January 22, 2001
BOOK PUBLISHED BY UNITED STATES HOLOCAUST MEMORIAL MUSEUM DETAILS LIFE IN DISPLACED PERSONS CAMPS
Special Program January 30, Celebrates Publication
WASHINGTON, D.C. — At the end of the Second World War tens of thousands of Jews who survived the horrors of the Holocaust found themselves without homes, countries, families or friends and living in displaced persons (DP) camps.
There, they soon established committees that governed the Jewish DP camps politically, and created schools, newspapers, religious institutions, theater companies and orchestras. In short order, yesterday’s candidates for death rediscovered love, married, and began new families, often in the shadow of mass-graves.
Life Reborn: Jewish Displaced Persons 1945 - 1951, published this month by the United States Holocaust Memorial Museum, is the documentation from a four-day conference which detailed the often painful process of people putting their lives back together again and how a community came together to heal and grow and be reborn.
The keynote address at the conference was delivered by Nobel Peace Prize laureate Elie Wiesel, the founding chairman of the United States Holocaust Memorial Council.

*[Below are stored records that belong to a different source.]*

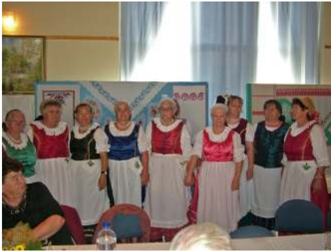
25 éves a Díszítőművészeti Szakkör

lődési ház vezetője, a Népi Díszítőművészeti Szakkör és a középiskolások citeracsoportja is.
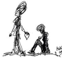
Garabato 10: No te rindas (Mothú 2020)
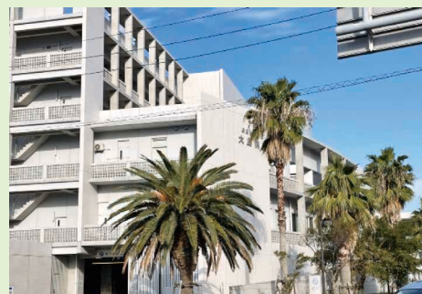
周防大島町立病院にて

この度は周防大島町立病院にて地域研修をさせていただきました。周防大島町は人口約150000人、高齢者率約55%と下関市よりも遙かに進んだ高齢化社会です。ですので、生活習慣病や高齢者介護などの問題に深く触れることができました。1カ月でした。高齢者介護につきましても依然問題は山積ですが、ケアマネージャーなどによる実態の把握・施設増設などが徐々に進んでいく
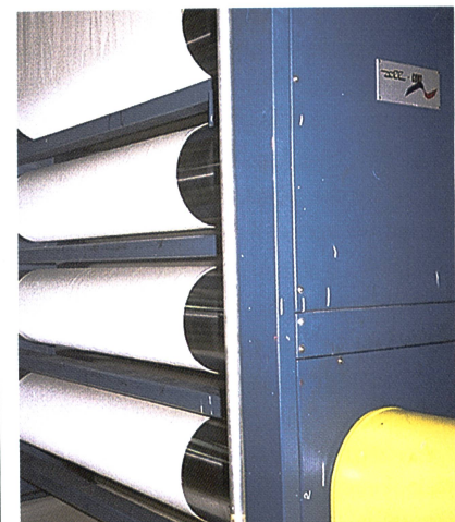
BEN-CORD - Zugwerk

Warenbahnführungsgeräte vom Typ OE (optisch elektrisch) ersetzen wartungsaufwändige
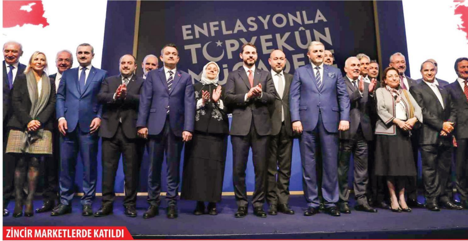
ZİNCİR MARKETLERDE KATILDI

Hazine Bakanı Albayrak'ın açıkladığı enflasyonla mücadele programının detayları açıklandı. Topyekün mücadelede Türkiye'nin 81 ilindeki firmaların ürünlerinde en az yüzde 10 indirim yapılması istendi. 2019 yılı başlarından itibaren, KDV iadeleri hızlanacak. Yapılan indirimden yüksek faizli kredi alanlarda yararlanacak.
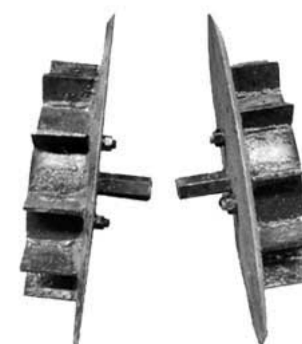
Roda besi (Lahan jagung)

Untuk kepentingan perbaikan mutu mesin, hasil produk dan perkembangan kemajuan teknologi, spesifikasi dan dimensi dapat diperbarui. The product are subject of continous development and as result, their specification and dimension may change and differ in detail from those shown.
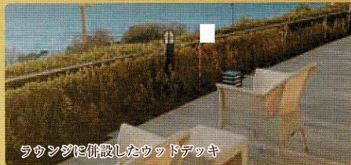
ラウンジに併設したウッドデッキ
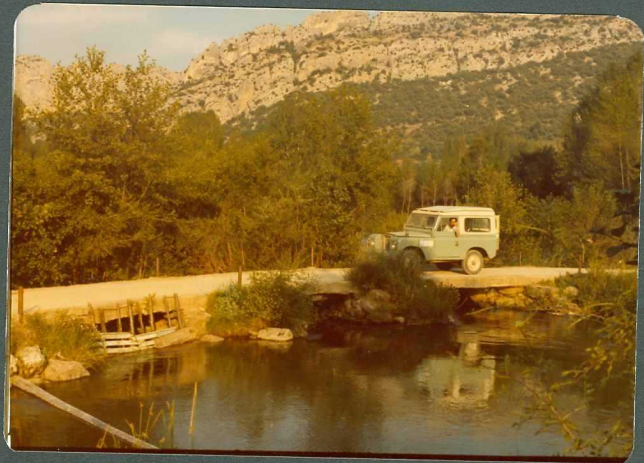
FOTO 14.- Estructura de Zamanzas cortada por el río Ebro. Al fondo calizas de la unidad C2-1 22-24
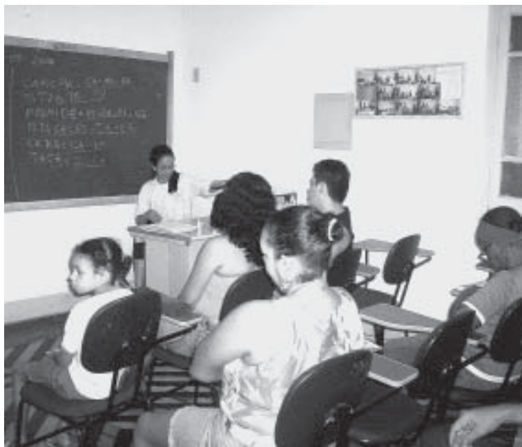
Dez alunos participam da terceira turma, em fase de conclusão, do Curso de Alfabetização de Jovens e Adultos da Loja Lealdade e Civismo

Com a conclusão de mais um Curso estaremos formando a terceira turma que atualmente conta com 10 alunos inscritos, a maioria de moradores vizinhos da Loja, sendo 100% deles oriundos da Região Nordeste.
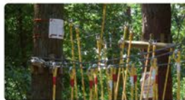
Park linowy w Dąbrowie
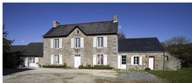
Presbytère de Thuboeuf IVR52_20215301814NUCA
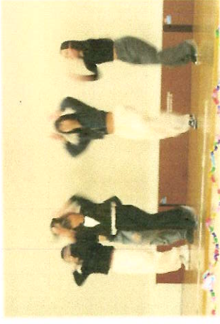
6年生はダンスでお礼を（女子チーム）

The book also includes presentations by historians Yehuda Bauer and David Engel; Sam E. Bloch, who was the youngest member of the Jewish committee that governed the Bergen-Belsen DP camp in the British zone of Germany; Rabbi Herbert A. Friedman, former assistant to the advisor on Jewish affairs to the U.S. military authorities in Germany; novelist Thane Rosenbaum; psychologist Eva Fogelman; and Jean Bloch Rosensaft, curator of a photographic exhibition on the Bergen Belsen DP camp.
“This book is an important compendium of witness by the survivors and by the Second Generation,” says the Chair of the United States Holocaust Memorial Council, Rabbi Irving Greenberg. “All wisdom — and morality — starts with witness, which also provides the raw material for the history and analysis that will follow. We are also given an essential instruction that the witness dare not be apologetic or propagandistic; that would cheapen the awesome dignity of this topic. It is still too early for definitive scholarly treatments of this history. But this is a wonderful down payment, if you will, a first approximation of the comprehensive portraits that will follow.”

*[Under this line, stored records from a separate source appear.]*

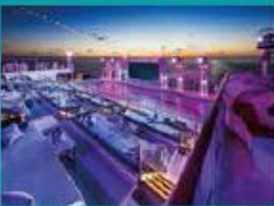
Zouk Beach Club Outdoor party/entertainment venue.
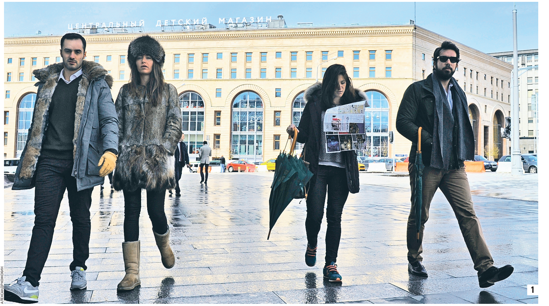
11 мая 2017 года 10:45 Итальянские туристы гуляют на Лубянке — участок пешеходной зоны только что сдали после реконструкции (1) Проект благоустройства улицы Тверская (2) Проект благоустройства участка пешеходной зоны у станции метрополитена «Краснопресненская» (3)
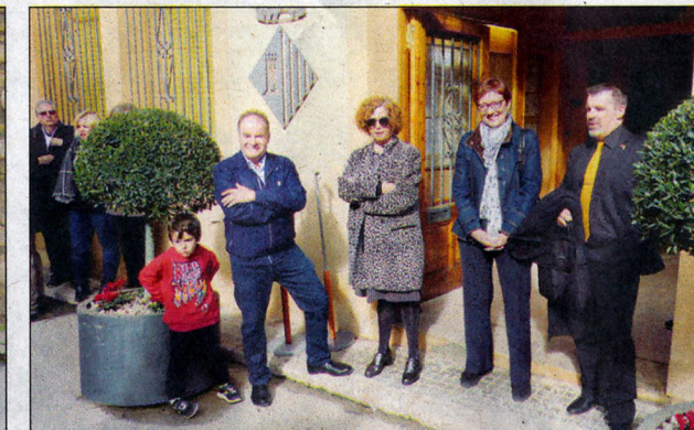
Moments previs a l'acte de reconeixement a l'ajuntament.
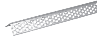
PC30x30-01 Paraspigolo per cartongesso

Importati da GRUPPO STAMPLAST i paraspigoli sono indicati per la protezione e il rinforzo dell'intonaco degli spigoli.
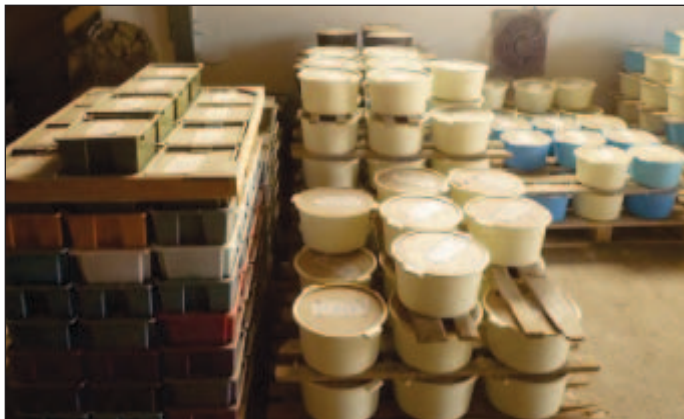
Minerální lízy ve výrobě

Antibiotika, kokcidiostatika a jiná léčiva, látky pro podporu růstu a jiné látky k zvyšování užitkovosti, se ve výživě zvířat nesmí používat.
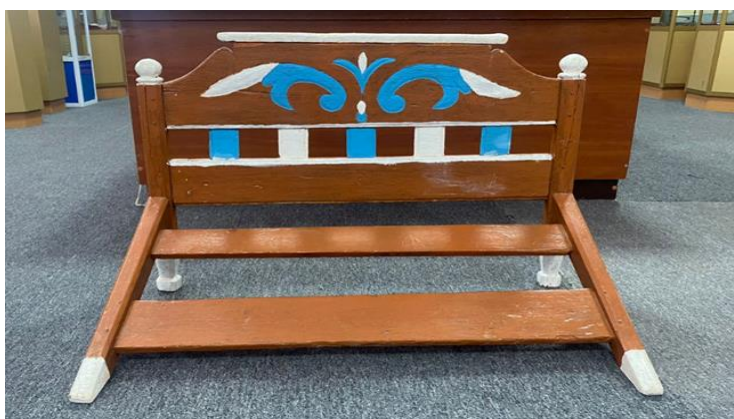
Сурет 1. «Сарайшық» мемлекеттік тарихи-мәдени музей-қорық қорығындағы «Жастық ағаш».
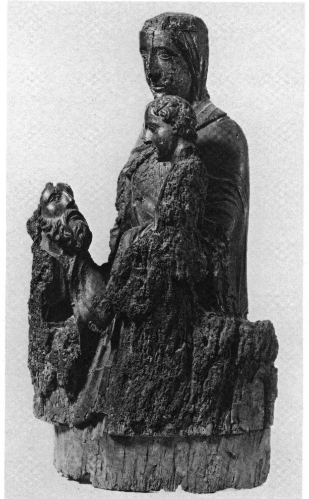
Fig. 2. Vierge de l'Epiphanie, vue de trois quarts à droite.

et le plus âgé des rois mages, agenouillé. Deux autres statues figuraient les autres rois venus adorer l'Enfant et lui offrir des présents. Le groupe central étant sculpté dans une pièce de bois entièrement évidée dans le dos, celui-ci devait avoir été conçu non comme une ronde-bosse, mais comme une statue adossée à une paroi. Les deux rois mages debout étaient soit sculptés en ronde-bosse et placés sur des socles individuels, soit évidés eux-aussi dans le dos et groupés sur un seul socle. Des Epiphanies en bois de la fin du xiv e et du xv e siècles fournissent des exemples de l'une et l'autre possibilités. La façon dont le bois de notre groupe

While much has been written about the Holocaust, until now relatively little has been known about the years immediately after World War II when the small number of survivors of the death camps returned to life in the DP camps scattered throughout Germany, Austria and Italy. Last January, a four-day conference organized by the United States Holocaust Memorial Museum and its Second Generation Advisory Group, chaired by Rositta Kenigsberg, in association with The American Jewish Joint Distribution Committee, shed light on the Jewish DP camps and their unique place in contemporary history.
In his introduction, Menachem Z. Rosensaft, the editor of the book, who was born in Bergen-Belsen — a notorious Nazi concentration camp that after liberation was transformed into the largest of the DP camps — explains that “Most people, including most Jews, think of Holocaust survivors as skeletal figures in striped uniforms staring aimlessly into the distance on the day of their liberation. And then they fast-forward 40 or 50 years to somber commemorations at which gray- and white-haired men and women mourn their dead by lighting candles and reciting memorial prayers. But what happened to the victims when they ceased to be victims? The main purpose of the conference was to expand the histographical boundaries of the Holocaust to incorporate what the survivors experienced and accomplished once they regained control of their destinies.”

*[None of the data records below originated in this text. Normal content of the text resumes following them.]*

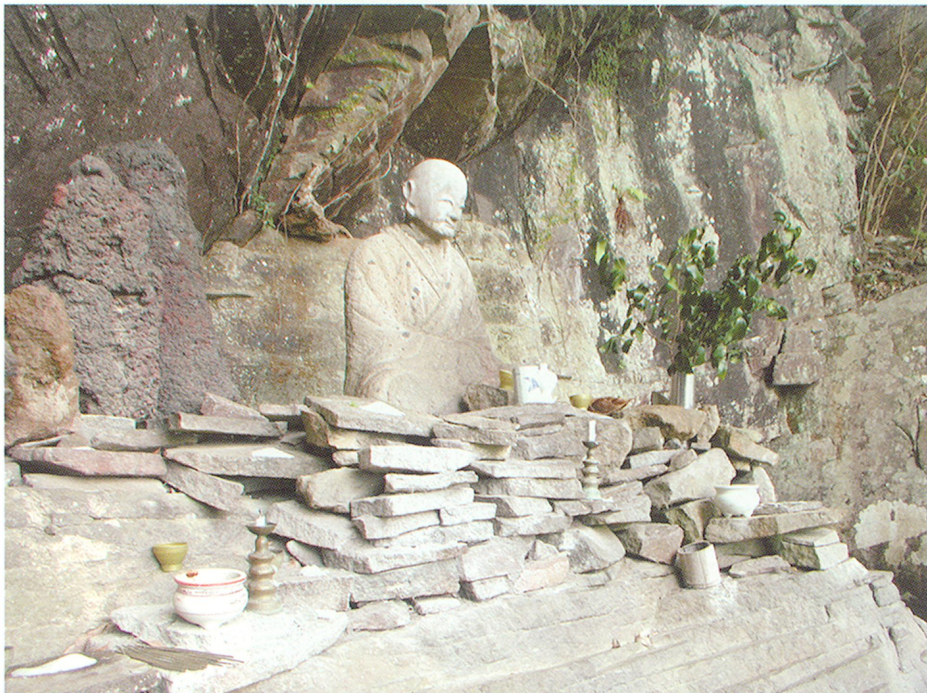
護摩壇港の性空上人石像

『三国名勝図會』によると、御池のまわりには、松・軀瀬・皇子・劔崎・刈茅・柳・護摩壇、7つの港があり、そのうち、護摩壇港には、性空上人が護摩を焚いたという伝承があります。現在そこには、性空上人の石像が置かれ、参拝する人が跡を絶ちません。
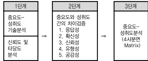
그림 2. 연구절차

또한 26개의 설문항목을 크게 응답성, 확산성, 신뢰성, 유형성, 공감성으로 5가지로 분류하고, 각 설문항목의 응답척도는 5점척도를 하였다. 이용 전 중요도 문항에서는 1점 '전혀 중요하지 않다' 에서 5점 '매우 중요하다'로 측정하였으며, 이용 후 성취도 문항에서는 1점 '매우불만족' 5점 '매우만족'으로 측정하였다. 이러한 과정을 통해 연구절차와 변수의 조작적 정의를 요약하면 다음과 같다.
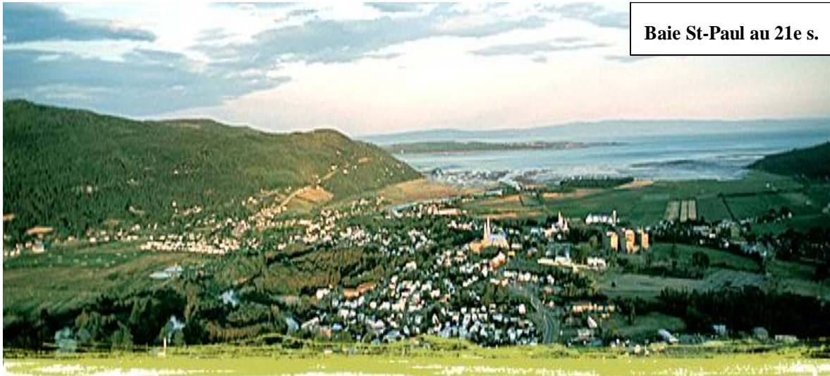
Baie St-Paul au 21e s.

Dr. Romana Strochlitz Primus, the chairperson of the conference, who was also born in Bergen-Belsen, points out that Jewish DPs did not succumb to despair. “While mourning the murdered and seeking desperately for possible living relatives, while living in deplorable housing on inadequate rations, they nonetheless understood the need to build new lives and regenerate the Jewish people. And so they did just that.”
To celebrate the publication of the 165-page book, the United States Holocaust Memorial Museum will host a special program at 7 p.m. on Tuesday January 30, 2001, which will include a book signing. The program is open to the public and reservations are suggested.
The United States Holocaust Memorial Museum, which has hosted more than 15 million visitors since it opened in 1993, is the national institution for the documentation, study and interpretation of Holocaust history and serves as this country’s memorial to the millions of people who were murdered. The museum’s primary mission is to advance and disseminate knowledge about the unprecedented tragedy; to preserve the memory of those who suffered; and to encourage its visitors to reflect upon the moral questions raised by the events of the Holocaust as well as their own responsibilities as citizens of a democracy.